Table 2. Matrix Compositiona.
matrix 1 | matrix 2 | |
---|---|---|
density | 100% | 96.4% |
# compounds (CPDs) | 109 925 | 143 310 |
# assays | 53 | 53 |
percentage of active cells | 0.1% | 0.8% |
# consistently inactive CPDs | 105 475 (96%) | 110 218 (76.9%) |
# CPDs with single-target activity | 3639 (3.3%) | 19 069 (13.3%) |
# CPDs with multitarget activity | 811 (0.7%) | 14 023 (9.8%) |
For matrix 1 and matrix 2, the density, number of compounds and assays, percentage of cells with activity annotations (active cells), number of consistently inactive compounds, and number of compounds with single- and multitarget activity are reported.
2.2. Prediction Strategy
The primary goal was predicting the entire matrix 1 by learning from matrix 2. Predictions were attempted at two levels including global predictions of active versus consistently inactive compounds as well as activity predictions for individual targets. For global models, training and test compounds with different activities were combined to yield the “active” class. Half of matrix 2 was randomly selected and used for training of global models using different methods. Global models were applied to predict active and inactive compounds for the other half of matrix 2 used as a test set as well as the entire matrix 1. Per-target models were derived in two ways: first, using half of matrix 2 and second, the entire matrix 2. The former per-target models were applied to predict the matrix 2 test set, and the complete matrix 1 and the latter models were applied to predict matrix 1. For per-target models, initial comparisons of different methods and optimization of calculation parameters were carried out for 10 assays from matrix 2 with large numbers of available training compounds (assay codes A–J in Table 1). These models were used to predict these 10 assays in the matrix 2 test set as well as in matrix 1. Further details are provided in the Materials and Methods section.
2.3. Global Models
Given that the vast majority of matrix compounds were consistently inactive in all assays, we reasoned that initial exclusion of these consistently inactive compounds followed by target-based predictions might be a promising strategy for activity prediction. Successful elimination of consistently inactive compounds would increase data balance and reduce the number of compounds to be predicted by per-target models. Therefore, global models were first built using SVM, RF, and DNN to distinguish between combined active and consistently inactive screening compounds. On the basis of test calculations (see Materials and Methods), models trained with all available data reached highest relative performance levels and the ECFP4 fingerprint was a preferred descriptor. Figure 3 shows the prediction results of the global models for the matrix 2 test set and for matrix 1. The performance of the different models was nearly identical in both cases. Although there was consistent early enrichment of active compounds, deprioritization of inactive compounds was accompanied by a substantial loss of active compounds, in particular, for matrix 1. In this case, eliminating 50% of the inactive compounds also led to a removal of 25% of the actives. For the minority class, the magnitude of this initial loss of active compounds limited the envisioned two-stage prediction approach.
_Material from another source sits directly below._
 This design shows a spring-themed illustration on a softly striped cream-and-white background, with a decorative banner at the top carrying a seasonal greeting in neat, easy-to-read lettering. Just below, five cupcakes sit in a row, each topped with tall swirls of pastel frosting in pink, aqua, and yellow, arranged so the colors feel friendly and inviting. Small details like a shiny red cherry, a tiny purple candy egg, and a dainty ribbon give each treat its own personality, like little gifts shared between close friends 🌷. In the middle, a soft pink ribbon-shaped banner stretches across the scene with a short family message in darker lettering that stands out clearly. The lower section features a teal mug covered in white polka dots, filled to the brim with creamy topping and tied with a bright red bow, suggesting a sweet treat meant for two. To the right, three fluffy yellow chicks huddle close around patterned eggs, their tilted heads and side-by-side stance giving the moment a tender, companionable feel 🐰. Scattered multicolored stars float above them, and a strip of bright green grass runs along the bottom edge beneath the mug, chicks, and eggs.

2.4. Models for Assay-Based Predictions
Next, we used a subset of 10 assays with larger numbers of available active compounds (assay codes A–J in Table 1) for comparison of alternative machine learning methods and identification of best-performing models and preferred calculation conditions.
2.4.1. Method Comparison
Algorithms of different designs and complexities were systematically compared. Most of the implemented approaches resulted in single-task (per-target) models, but two multitask approaches were also included in the comparison. A multitask model yields probabilities of activity for compounds tested in different assays. Investigated methods included a similarity search-based approach termed the conditional correlated Bernoulli model (CCBM) to estimate rank positions of active compounds; popular machine learning approaches; such as naïve Bayes (NB) classification, SVM, and RF, single- and multitask DNN; and graph-convolutional NN (GraphConv). Test predictions were assessed by calculating area under the curve (AUC) values for receiver operating characteristic (ROC) curves and recall rates for the top 1% of ranked test sets.
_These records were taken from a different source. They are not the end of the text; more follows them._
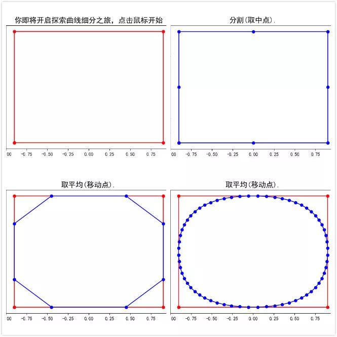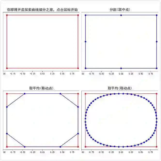 具体地,请看上面的示意图,我们用蓝色标记点列中的点. 从上左图到上右图完成了分割,点列由原来正方形的四个端点变为八个点;从上右图到左下图完成了平均,点列中的点即上右图中八个点相邻两点的中点. 而右下图是重复多次细分操作后所得的曲线,不难想象在经过无穷多次操作后即会得到一条光滑曲线(多边形的边长无限趋近于0).
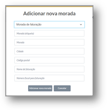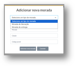 Ao clicar no botão “Adicionar morada”, será aberta uma nova janela onde deverá indicar, no primeiro campo, o tipo de morada:
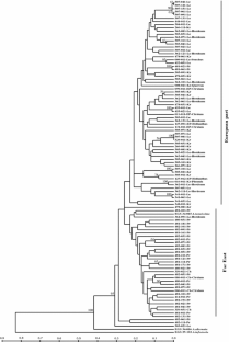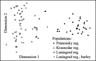 Alternaria tenuissima is a common pathogen on a number of plants described in several geographic regions of the world. Genetic variation within and between Russian Far East, North West and Caucasus populations of A. tenuissima from wheat was examined. In addition, genetic differences between isolates from various hosts were estimated. In total, 101 isolates of A. tenuissima were studied using amplified fragment length polymorphism (AFLP) with four primer combinations. Wright’s fixation index (F st), gene flow (N m) and gene diversity (H s) were calculated. AFLP banding patterns indicated significant genetic distance and at the same time a low level of gene flow between the Far East and the two other groups of isolates originating from the European part of country. The degree of similarity between the North West and Caucasus populations was very high, as was the migration rate. Isolates analysed by UPGMA-based cluster analysis were grouped according to location of origin but irrespective of plant host. Based on the F st value, the group of isolates originating from wheat and barley were not found to differ significantly from each other.

Initially, we tested general training conditions. For each assay, available active training compounds were combined with increasing numbers of compounds inactive in the assay and a series of models were generated with different machine learning methods and evaluated. For all methods (except GraphConv), the folded version of the extended connectivity fingerprint with bond diameter 4 (ECFP4; see Materials and Methods) was used as a descriptor. Paralleling the findings for global models, preferred training sets generally consisted of all available active and inactive training compounds. Using these training sets, different methods were compared.
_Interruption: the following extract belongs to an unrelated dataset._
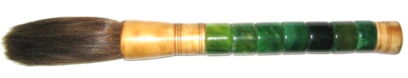 This large jade handle Chinese art brush is very good feng shui to decorate your room, but it is not good for painting or writing. The handle of this Chinese art brush is made with seven real green jade rings and wood. The jade rings all together have a length of seven inches. This Chinese green jade handle art brush is very beautiful and a wonderful Asian theme decor item, as the jade symbolizes luck and happiness.

Tables 3 and 4 report benchmark results for the matrix 2 test set and for matrix 1, respectively. For the matrix 2 test set, best models consistently yielded AUC values >0.7 per assay and values >0.8 for eight assays. For matrix 1, prediction accuracy was overall lower but AUC values <0.7 were only obtained for three assays. Thus, different methods yielded models with at least reasonable prediction accuracy in most cases. Interestingly, although differences in prediction accuracy were often small, RF was the overall best-performing approach, achieving top predictions for eight assays in matrix 2 and five in matrix 1. As shown in Figure 4, it also compared favorably in multitasking DNN and performed better than the CCBM similarity search control. The performance level of RF was nearly matched by SVM, followed by GraphConv. Given overall comparable prediction accuracy achieved by different machine learning methods and high RF performance across different assays, RF was selected as a representative approach for further activity predictions.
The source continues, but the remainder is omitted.